(Bloomberg) – HDFC Bank Ltd. shares fell after the Indian lender said its former Managing Director Aditya Puri sold almost all of its holdings before its retirement in October.
Puri sold 7.4 million shares, more than 95% of its stake in the country’s most valuable bank, for Rs 8.43 billion ($ 113 million) on the market from July 21 to 23, according to an exchange document.
HDFC Bank shares fell as much as 3.4% on Monday morning in Mumbai. The stock has lost 15% this year, outperforming the Bankex benchmark, which is down 31%.
After 26 years at the helm, Puri will retire in October when he turns 70, the age limit set by the Reserve Bank of India for heads of private banks. The lender awaits RBI approval for one of the three shortlisted candidates to succeed him.
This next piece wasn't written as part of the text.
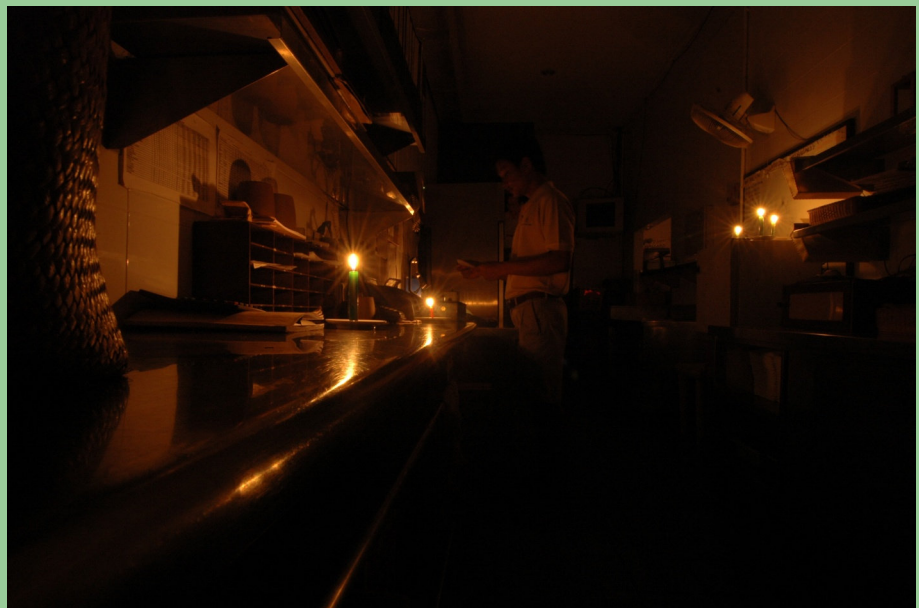
Into the Room serviced in the candle light

Puri had nearly 7.8 million shares in the lender before the sale, or 0.14% of the outstanding shares, according to the filing. Now it has around 0.01%. The shares were assigned to Puri at different times and prices and the amount he made was less than Rs 8.4 billion after accounting for tax and acquisition costs, a bank spokesman said in a statement Sunday.
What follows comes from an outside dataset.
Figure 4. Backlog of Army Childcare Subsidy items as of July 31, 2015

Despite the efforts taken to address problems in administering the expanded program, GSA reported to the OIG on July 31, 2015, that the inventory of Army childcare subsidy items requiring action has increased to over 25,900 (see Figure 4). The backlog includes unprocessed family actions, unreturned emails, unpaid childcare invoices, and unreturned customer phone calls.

HDFC Bank has been able to protect itself during a protracted shadow banking crisis that started two years ago. It has also maintained its strong growth momentum in recent months, even as the financial sector faced massive stress from the impact of the coronavirus pandemic.
More recently, however, the lender has come under scrutiny from the central bank over allegations of improper lending in its vehicle loan business.